What we ended up with was kinda an alpha version of what we really wanted (beta if I’m being generous) but I think it works to respond to the thinking through of ideas posed this semester in an engaging way — with content relevant and interesting enough to garner some attention (thanks to those who came out at MEDIA PRESENTS… to have a look). This is the kinda content that would only work on the internet, and could work even better if we could commit to making the project ongoing, giving it a life beyond what it exists as now. As I’ve mentioned in a previous development post, uncertainty is key; the unpredictability of a given screen media project may be its saving grace. That’s the crux of Korsakow — maybe we tried to tame it too much here? In development we mentioned the idea of NET ADAPTATION being an interactive mindmap (which assumes mapped out parts), and Korsakow functions a whole lot on ideas opposite this, so maybe there was a better place to host our work but it was interesting nonetheless.
I don’t have any real clues about gaining an audience for this stuff, getting people to interact. Maybe all these algorithms given their unpredictability can figure it out for us. Maybe we’ll get lucky.
And here we are.

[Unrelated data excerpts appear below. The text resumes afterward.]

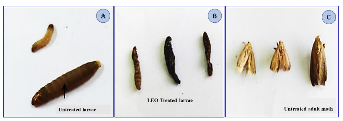
Figure (3): G.mellonella treated with nanocapsules of lemongrass oil (LEO). A, Weight reduction of treated larva with the highest concentration used (640ppm). B, Malformations in treated larvae with conc. 80, 160 and 320 ppm. C, Morphological deformations in adults developed from treated larvae nanocapsules with conc. 80 and 160 ppm.

Data are in mean \pm SE, Mean of three replicates, each set up with 50 larvae. Values followed by the same letter per column are not significantly different at p \leq 0.05 according to Duncan Multiple tests.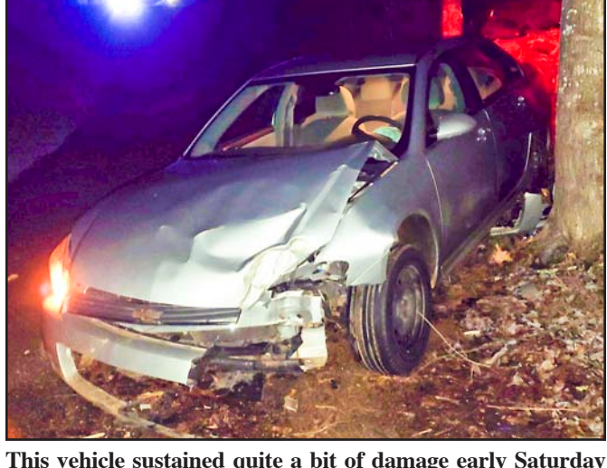
This vehicle sustained quite a bit of damage early Saturday morning after sliding on black ice covering Georgia 180.

even get on the road." 'Regular tune-ups and maintenance are the starting point for safe driving year- conditions, and plan your route winter-driving-safety.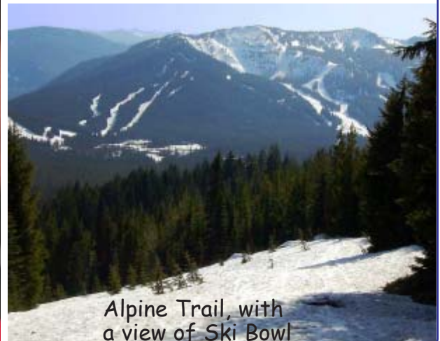
Alpine Trail, with a view of Ski Bowl

Another semester, another studio down. When I chose the media degree, I had no idea what these studios were — I mean, I didn’t even realise this is what’d take up two thirds of my workload until like a semester in (I don’t even know what I pictured this course as, like… the media subject at my high school (warning: Media One post) was a joke). But they’ve provided a great sense of depth to my degree and I feel like I chose the right few.